TASK TO CARRY OUT. Print only the lines below from the one with "Connector guides for" to the one with "Тумба для умывальника", both included, exactly as they stand. Leave pictures out.

SUPPLIED MATERIAL.
* * * * *
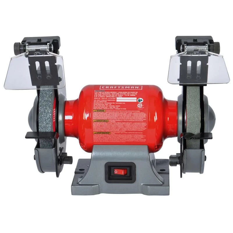 A must have for any home workshop. The Craftsman 6 in. bench grinder is designed for sharpening, shaping and grinding a wide variety of materials. Ideal for mower blades, garden tools and knives. The built-in LED lights over each wheel increase the illumination on the work surface.
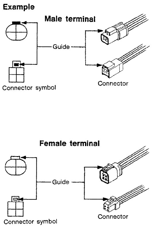 Connector guides for male terminals are shown in black and female terminals in white in wiring diagrams.
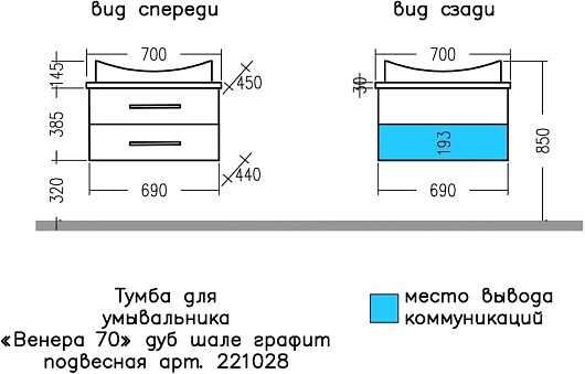 Тумба для умывальника Венера 70 дуб шале графит
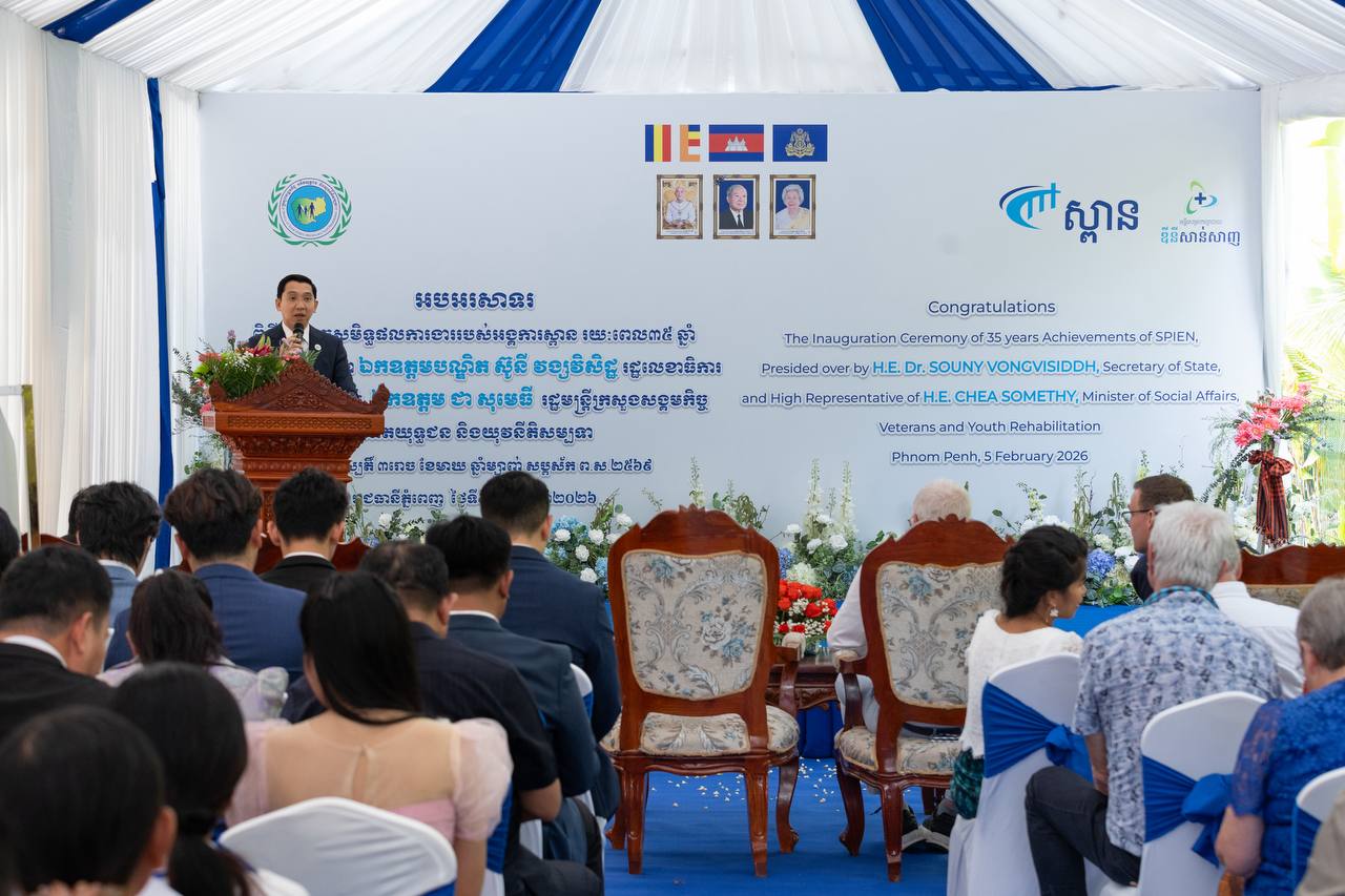នាព្រឹកថ្ងៃព្រហស្បតិ៍ ទី៥ ខែកុម្ភៈ ឆ្នាំ២០២៦ នៅមន្ទីរសម្រាកព្យាបាល ឌីនី សាន់សាញ (Diny Sunshine Medical Clinic) ដែលស្ថិតនៅក្នុងភូមិរំដួល សង្កាត់ស្នោរ ខណ្ឌកំបូល រាជធានីភ្នំពេញ អនុវត្តតាមការចាត់តាំងដ៏ខ្ពង់ខ្ពស់របស់ឯកឧត្តមរដ្ឋមន្ត្រី ឯកឧត្តមបណ្ឌិត ស៊ូនី វង្សវិសិដ្ឋ រដ្ឋលេខាធិការ បានអញ្ជេីញចូលរួមជាអធិបតីក្នុងពិធីសម្ពោធសមិទ្ធផលការងាររបស់អង្គការស្ពាន រយៈពេល ៣៥ឆ្នាំ ដោយមានការចូលរួមពីឯកឧត្តមរដ្ឋលេខាធិការក្រសួងធម្មការ និងសាសនា ឯកឧត្តម លោក លោកស្រី ថ្នាក់ដឹកនាំ និងមន្ត្រីក្រសួងស.អ.យ. លោកនាយកប្រតិបត្តិអង្គការស្ពាន និងជាកុងសុលកិត្តិយស ព្រះរាជាណាចក្រហូឡង់ ប្រចាំរាជធានីភ្នំពេញ ប្រធានអង្គការស្ពាន និងសហការី គណៈកម្មាធិការដឺ្រប៊ុគ និង ប្រធានអង្គការហ្វារីសដែលជាម្ចាស់ជំនួយមកពីប្រទេសហូឡង់ អាជ្ញាធរមូលដ្ឋាន សមាគមនិងអង្គការមិនមែនរដ្ឋាភិបាលដែលជាដៃគូរបស់អង្គការស្ពាន គ្រួសារក្រីក្រដែលបានទទួលជំនួយពីអង្គការ។
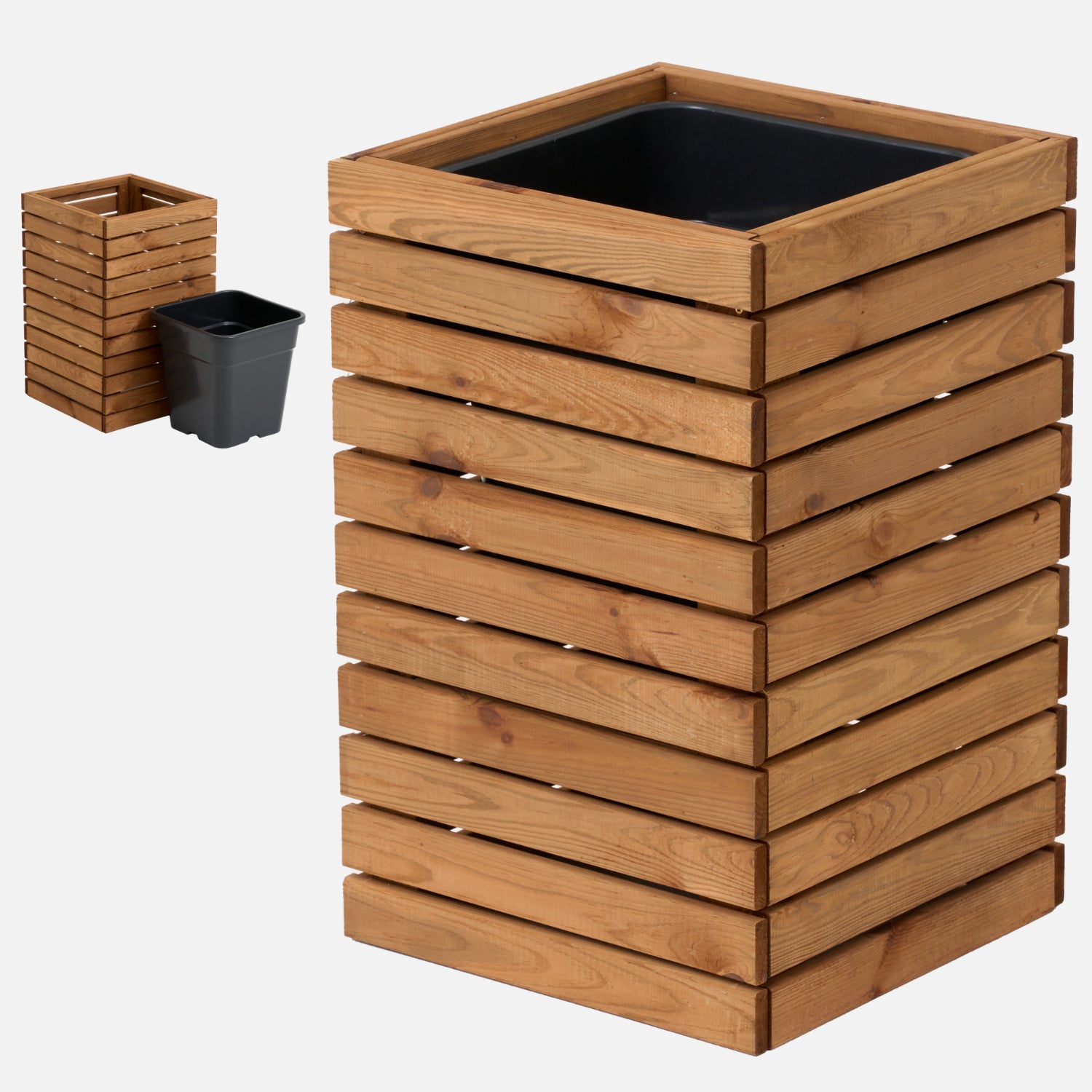 Velký hnědý dřevěný květináč 36 x 36 x v55 cm
* * * * *
EXERCISE RESPONSE.
 Connector guides for male terminals are shown in black and female terminals in white in wiring diagrams.
 Тумба для умывальника Венера 70 дуб шале графит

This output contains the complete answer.